### Dataset excerpts:
····················
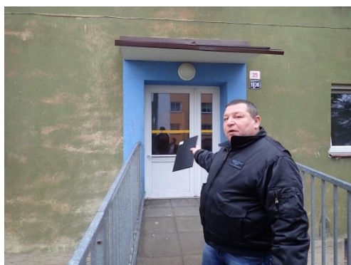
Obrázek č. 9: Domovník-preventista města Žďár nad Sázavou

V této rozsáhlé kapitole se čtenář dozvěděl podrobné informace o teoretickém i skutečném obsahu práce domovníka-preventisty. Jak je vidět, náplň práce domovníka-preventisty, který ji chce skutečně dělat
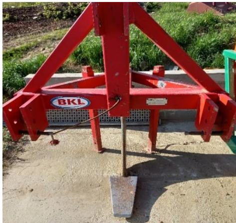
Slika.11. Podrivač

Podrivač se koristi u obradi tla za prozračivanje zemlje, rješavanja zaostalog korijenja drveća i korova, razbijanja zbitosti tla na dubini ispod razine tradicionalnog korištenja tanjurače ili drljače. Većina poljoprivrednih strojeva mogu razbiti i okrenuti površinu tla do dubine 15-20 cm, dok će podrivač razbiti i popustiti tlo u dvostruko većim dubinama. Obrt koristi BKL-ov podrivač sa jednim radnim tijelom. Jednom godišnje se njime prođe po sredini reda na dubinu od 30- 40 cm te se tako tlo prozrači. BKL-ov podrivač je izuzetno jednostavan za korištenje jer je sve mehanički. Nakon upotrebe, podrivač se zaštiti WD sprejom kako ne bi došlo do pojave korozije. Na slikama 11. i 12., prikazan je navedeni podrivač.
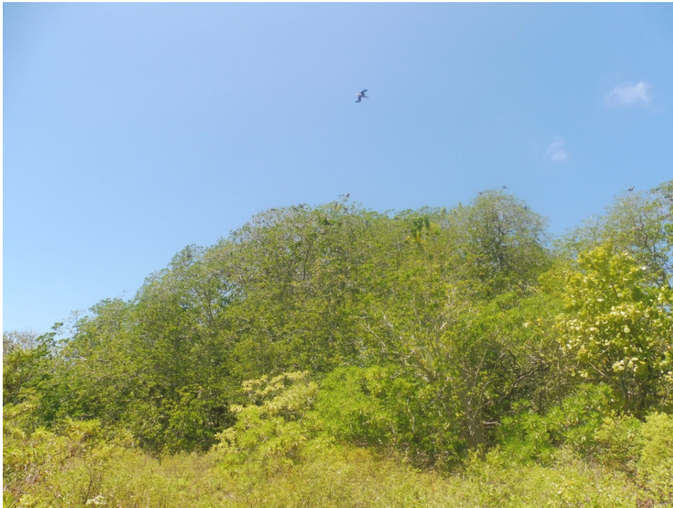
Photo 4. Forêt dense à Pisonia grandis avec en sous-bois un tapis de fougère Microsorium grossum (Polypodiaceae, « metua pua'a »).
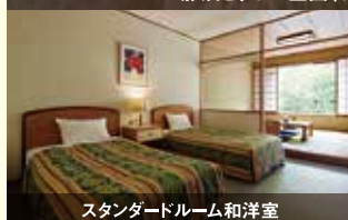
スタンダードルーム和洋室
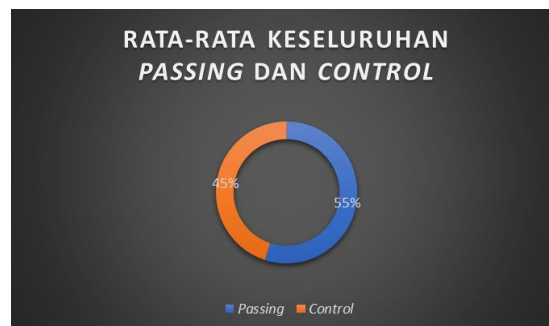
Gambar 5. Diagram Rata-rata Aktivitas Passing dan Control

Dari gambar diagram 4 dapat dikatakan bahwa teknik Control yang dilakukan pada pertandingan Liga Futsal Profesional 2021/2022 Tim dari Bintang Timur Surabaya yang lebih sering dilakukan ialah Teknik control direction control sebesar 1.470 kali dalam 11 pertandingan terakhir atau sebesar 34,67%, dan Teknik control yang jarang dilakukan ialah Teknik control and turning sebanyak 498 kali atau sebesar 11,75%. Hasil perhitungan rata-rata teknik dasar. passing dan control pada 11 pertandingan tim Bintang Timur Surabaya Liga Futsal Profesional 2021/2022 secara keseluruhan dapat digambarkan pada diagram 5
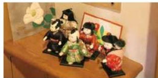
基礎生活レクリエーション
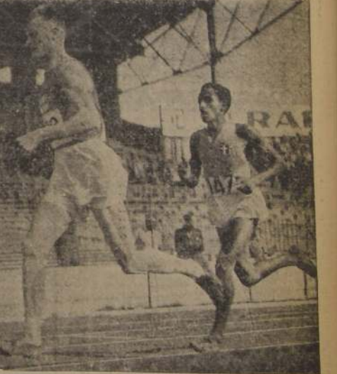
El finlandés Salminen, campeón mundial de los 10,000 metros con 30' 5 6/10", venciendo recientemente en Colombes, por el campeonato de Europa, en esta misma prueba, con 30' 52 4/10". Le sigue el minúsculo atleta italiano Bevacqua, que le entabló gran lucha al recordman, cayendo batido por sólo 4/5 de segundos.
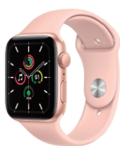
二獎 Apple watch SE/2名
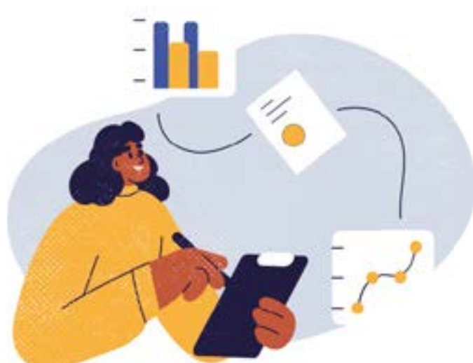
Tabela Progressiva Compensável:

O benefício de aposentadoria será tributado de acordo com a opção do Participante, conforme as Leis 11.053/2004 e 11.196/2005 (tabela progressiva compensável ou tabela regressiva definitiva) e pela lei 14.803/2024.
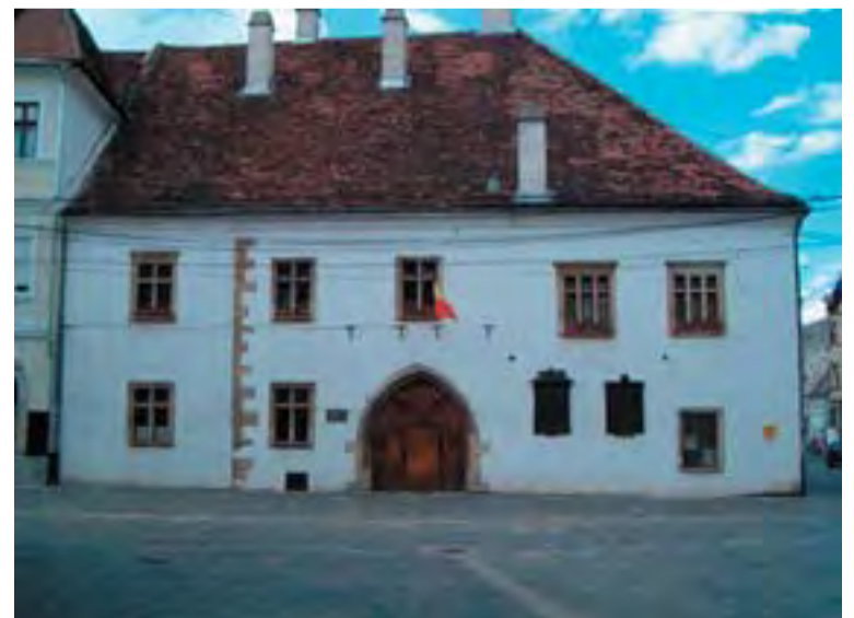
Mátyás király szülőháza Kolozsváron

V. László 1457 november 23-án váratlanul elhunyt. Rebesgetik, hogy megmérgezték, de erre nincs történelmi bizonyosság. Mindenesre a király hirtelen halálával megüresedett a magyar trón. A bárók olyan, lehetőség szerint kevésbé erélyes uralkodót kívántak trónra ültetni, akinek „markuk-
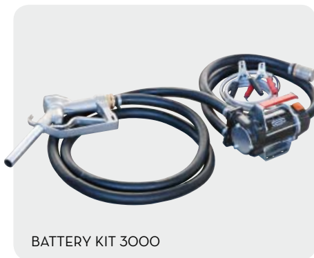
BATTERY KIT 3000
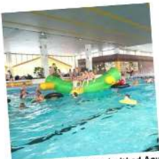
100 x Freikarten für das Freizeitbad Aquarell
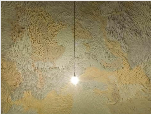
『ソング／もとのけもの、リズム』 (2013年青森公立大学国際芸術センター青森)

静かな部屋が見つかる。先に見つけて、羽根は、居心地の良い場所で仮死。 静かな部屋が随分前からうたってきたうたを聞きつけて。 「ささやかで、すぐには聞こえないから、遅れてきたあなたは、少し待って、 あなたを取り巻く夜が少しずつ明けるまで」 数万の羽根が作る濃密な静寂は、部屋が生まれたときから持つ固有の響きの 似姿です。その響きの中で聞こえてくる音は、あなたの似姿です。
····················
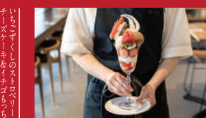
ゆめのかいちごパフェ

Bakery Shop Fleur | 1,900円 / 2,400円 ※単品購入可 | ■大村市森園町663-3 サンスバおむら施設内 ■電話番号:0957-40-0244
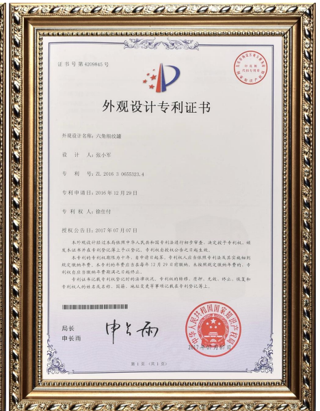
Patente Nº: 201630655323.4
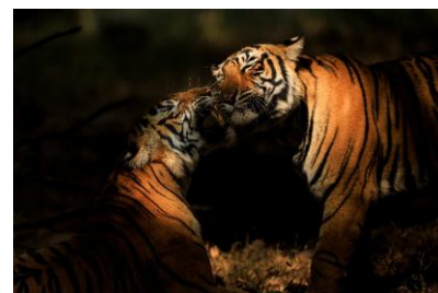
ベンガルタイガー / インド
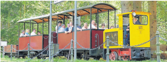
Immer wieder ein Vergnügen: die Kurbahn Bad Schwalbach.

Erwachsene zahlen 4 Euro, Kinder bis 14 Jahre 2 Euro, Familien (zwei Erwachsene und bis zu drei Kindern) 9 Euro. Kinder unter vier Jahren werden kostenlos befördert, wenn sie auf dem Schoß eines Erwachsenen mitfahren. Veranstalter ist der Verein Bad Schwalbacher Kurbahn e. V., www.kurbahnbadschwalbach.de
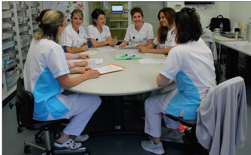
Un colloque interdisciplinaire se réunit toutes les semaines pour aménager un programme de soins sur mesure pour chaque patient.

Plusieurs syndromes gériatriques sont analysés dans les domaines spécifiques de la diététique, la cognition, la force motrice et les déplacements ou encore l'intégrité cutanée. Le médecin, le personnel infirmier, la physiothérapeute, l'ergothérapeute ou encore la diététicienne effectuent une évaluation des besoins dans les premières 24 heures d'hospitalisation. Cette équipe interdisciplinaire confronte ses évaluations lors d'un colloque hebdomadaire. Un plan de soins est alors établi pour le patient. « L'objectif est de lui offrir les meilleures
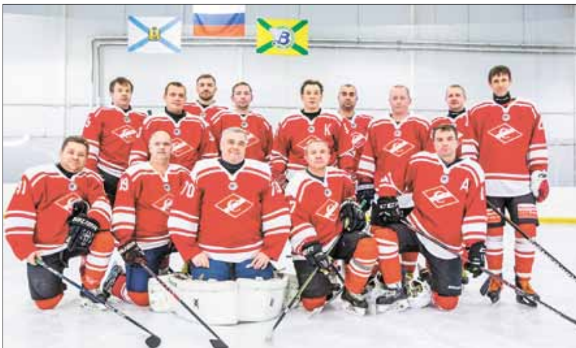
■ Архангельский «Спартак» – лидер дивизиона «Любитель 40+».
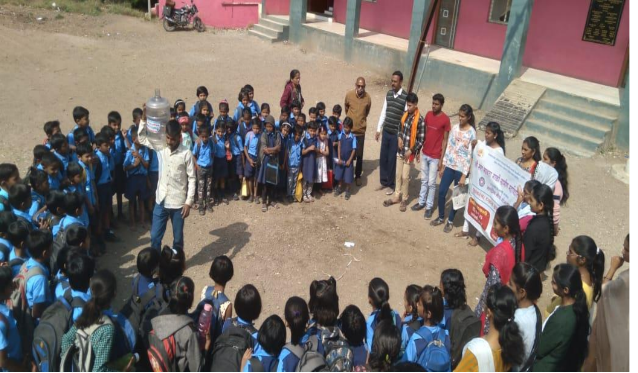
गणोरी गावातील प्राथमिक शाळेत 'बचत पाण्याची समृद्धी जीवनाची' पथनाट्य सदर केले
····················
### THE PROBLEM:
Filter the lines above, keeping each one that contains the string "Kurbahn".

### ANSWER TO THE PROBLEM:
Immer wieder ein Vergnügen: die Kurbahn Bad Schwalbach.
Erwachsene zahlen 4 Euro, Kinder bis 14 Jahre 2 Euro, Familien (zwei Erwachsene und bis zu drei Kindern) 9 Euro. Kinder unter vier Jahren werden kostenlos befördert, wenn sie auf dem Schoß eines Erwachsenen mitfahren. Veranstalter ist der Verein Bad Schwalbacher Kurbahn e. V., www.kurbahnbadschwalbach.de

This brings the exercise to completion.